New York, New York

18 5 0
                                    


Nggak tanggung-tanggung, Japan Airlines membetot punggungku sampai kaku bak selembar papan. Tiga puluh delapan jam dicengkeram kursi kelas ekonomi, pantatku bukan saja panas bahkan kian menipis sewaktu akhirnya bandara John.F.Kennedy, New York, muncul di luar jendela pesawat.

Ahhhhh... Thank's God! Kulirik world clock di ponsel yang kunyalakan diam-diam barusan, jam 07.20 waktu setempat.

Beringsut-ingsut keluar dari kabin Boeing 737-800 tubuh kecilku bak ikan teri nyemplung ke danau Toba. Lenyap dilalap megahnya bandara. Aku tenggelam dan menyusut sekecil liliput di lautan orang tinggi besar-besar yang berkelebat tak keruan.

Seperempat jam kemudian nasib membawaku berdiri limbung di hadapan ibu-ibu gemuk yang gemar mencengkeram paspor. Ia memelototiku dan kubalas memelototinya. Aku rasa Departemen Imigrasi Amerika sebaiknya memberi warna seragam berbeda menyesuaikan warna kulit para petugasnya. Kasihan bener ibu ini. Dengan logo US Custom Border Protection di lengannya ia memang tampak berwibawa, tetapi kulitnya yang legam jadi semakin kelam.

Badannya yang berlemak lenyap dalam seragam hitam-hitam yang membelitnya dan satu-satunya yang membuatku sadar sedang berhadapan dengannya hanyalah warna putih bola matanya yang mendelik ke arahku. Kacamatanya melorot ke cuping hidung tiap kali ia menunduk memandangi paspor.
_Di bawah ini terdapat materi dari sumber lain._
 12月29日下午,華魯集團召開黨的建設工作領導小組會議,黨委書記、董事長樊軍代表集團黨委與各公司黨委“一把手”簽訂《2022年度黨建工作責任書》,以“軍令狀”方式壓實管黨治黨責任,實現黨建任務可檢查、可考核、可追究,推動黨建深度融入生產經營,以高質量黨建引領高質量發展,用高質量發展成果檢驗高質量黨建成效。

Kuketuk-ketukkan kaki ke lantai menunggu tatapannya yang meloncat-loncat dari paspor ke aku, dan dari aku ke paspor berhenti.

"E-nen-dai-youw-pre-pen-ce... Is that your name?" Dahinya mengerut dan sepasang alisnya bertemu.
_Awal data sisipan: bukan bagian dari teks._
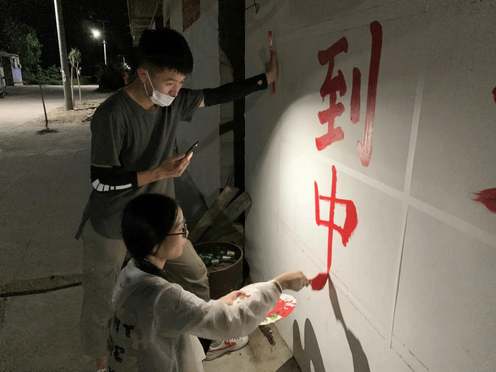 队员们在为西王庄村绘画宣传标语

"A-nan-di-yow-pra-pan-caaa..!" Aku membetulkan.

"Whatever....Terserahlah." Ia menggeleng, lalu menatapku lagi lekat-lekat.

"Apa Anda mau menghitung tahi lalat saya, Bu?" Kuangkat kaosku ke atas, di perutku ada enam tahi lalat yang tercetak sejak embrio. Bibir tebalnya langsung melebar, ia tergelak-gelak dan menyeka sudut matanya yang berair.
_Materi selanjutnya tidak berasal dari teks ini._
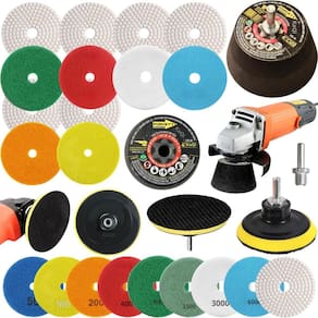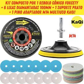 6 Lixas Grão 4 Pol. 100mm Diamantada + 1 Rebolo Cônico 45 Graus + 1 Disco Prato + 1 Pino M14 KaQi GRÃO: 50-100-200-400-400-800 Kit 6 Lixas Diamantadas Grão Disco 4 Polegadas 100mm KaQi + 1 Rebolo Grão 120 Copo Cônico 45 Graus 4 Polegadas M14 Forcety. + 1 Suporte Prato Disco 100mm M14 KaQi + 1 Pino Adaptador Multiuso Rosca Universal M14 KaQi. Para Desbastes, Polimentos, Acabamentos, Boleamentos, Lixamentos a Seco e Úmido. Ideal para profissionais e entusiastas de reformas e construção. Alta qualidade, resistência e desempenho superior. Transforme o acabamento das suas superfícies com o Kit 6 Lixas Grão 4 Pol. 100mm Diamantada + 1 Rebolo Cônico 45 Graus + 1 Disco Prato + 1 Pino M14 Desenvolvido para oferecer o melhor polimento e acabamento, é perfeito para quem busca resultados profissionais, tanto em pedras como granitos, mármores, cerâmicas, quanto ardósia, calcário, dekton, quartzo, porcelanato, pedra projetada, concreto, nanoglass, super nano, vidro e muito mais. Seu lixamento pode ser a seco e a úmido, o que proporciona um processo mais rápido, sem gerar calor excessivo. O Rebolo Copo Cônico 10x5cm Grão 120 Forcety é ideal para desbastes, retificações, boleamentos e acabamentos. Projetado para oferecer eficiência, durabilidade, confiabilidade e resultados excepcionais, é perfeito para profissionais e entusiastas de reformas e construções. Não à toa, é o rebolo número 1 das marmorarias, azulejistas e oficinas de todo Brasil O Disco 100mm e o pino adaptador M14 podem ser utilizados em conjunto com as lixas e com o rebolo. Com sistema de gruda e desgruda fácil, podem utilizadas em lixadeiras, esmerilhadeiras, politrizes, furadeiras, parafusadeiras. Permite, assim, ampliar a gama de usos do kit. Principais características: 1. Durabilidade extra, alta resistência ao desgaste, longa vida útil e desempenho, além de excelente performance em diversos tipos de materiais. 2. Acabamento impecável no desbaste e polimento de superfícies de pedra, mármore, calcário, ardósia, porcelanato e outros, sem deixar manchas ou marcas indesejadas. Pode ser trabalhada em superfícies claras ou escuras. Oferece uma remoção eficiente de material e um acabamento uniforme. 3. Versatilidade no uso com diversas ferramentas, já que pode ser Utilizado em esmerilhadeiras, lixadeiras, politrizes e furadeiras elétricas. 4. Eficiência de montagem, uma vez que possui sistema de fixação rápido. Basta encostar a lixa no suporte do disco para grudar, e, para remover, é só puxar na direção contrária. Conteúdo da embalagem: 6 Lixas DÁgua 4 Pol. 100mm Disco Diamantado KaQi GRÃO. + 1 Rebolo Grão 120 Copo Cônico 45 Graus 4 Polegadas M14 Forcety. + 1 Suporte Prato Disco 100mm M14 KaQi + 1 Pino Adaptador Multiuso Rosca Universal M14 KaQi. Especificações Lixas: Diâmetro: 100mm 4 Polegadas . Furo central: 1,3cm diâmetro. Espessura 1 unidade: 0,4cm. Maleabilidade: flexível. Lixamentos: seco e úmido. RPM: ideal entre 3000 a 5000 rotações por minuto. Material da lixa: diamante sintético industrial e resina premium. Costado: tipo vellcro. Fácil de fixar e remover. Especificações Rebolo: Trabalho: a seco ou refrigerado com água. Diâmetro: 4 Polegadas 100mm 10,16cm x altura 5,08cm. Velocidade: 9023RPM. Rosca: M14. Material: Carbeto de Silício SiC com diamantes. Feito para ser conforme norma ABNT NBR 15230. Especificações Prato Suporte: Diâmetro do disco: 100mm 4 Polegadas . Modelo do disco: M14 com superfície tipo vellcro. RPM: até 12000. Rosca: padrão M14 14mm . Especificações Pino Adaptador M14: Para Furadeira Parafusadeiras, Politrizes, Lixadeiras e Esmerilhadeiras. Fixa em discos pratos M14 para uso com lixas, boinas, espumas de polir, entre outros acessórios. Rosca: M14 14mm . Pino largura: 8mm. Altura total: 4,4cm.

"Kamu sendirian?" Diangsurkannya pasporku, aku mengangguk. "Mau liburan kemana?"

"Kemana saja yang menarik."

"Well! Semua tempat di sini menarik, Boy." Ia menepuk lenganku. "Selamat berlibur!"

Tas gunung di punggungku berguncang-guncang waktu langkahku mendekati pintu keluar. Orang-orang berseliweran cepat di kiri kananku bak gerombolan burung unta berkejaran. Benar juga cerita papa, orang-orang di sini bergerak seperti kuda. Penuh tenaga dan selalu tergesa-gesa, seakan besok sudah meletus perang dunia ketiga.

"Diiiiiioooooooo...!!" seru seseorang di pintu keluar.

Kulihat lambaian tangan sepupuku, Sean. Badannya yang jangkung seperti terbang ke arahku. Seketika pelukannya menerkamku erat, melepaskan rindu tiga tahun terpisah. Sean kelihatan jauh lebih dewasa sekarang, juga jauh lebih tinggi dari terakhir kali aku melihatnya waktu ia ke Indonesia. Ujung rambut coklatnya yang jatuh ke bahu mengingatkanku pada Keanu Reeves di film John Wick.

"Kamu tambah item, Dio." Dipandanginya aku seperti orang menaksir kambing kurban.

"Ngeledek! Mentang-mentang bule."

"Orang-orang bule malah pengen kulit item begini, Dio."

"Ya udah, kamu ke Jakarta aja berjemur tiap hari."

"Hahahahahaha.."

Sean Gordon Stockton blasteran Indo-Amerika. Ia tersambung sepupu denganku karena ayahnya, Uncle Bruce Stockton, bule asli Amerika menikahi Tante Mira, adik mamaku yang berasal dari Yogya.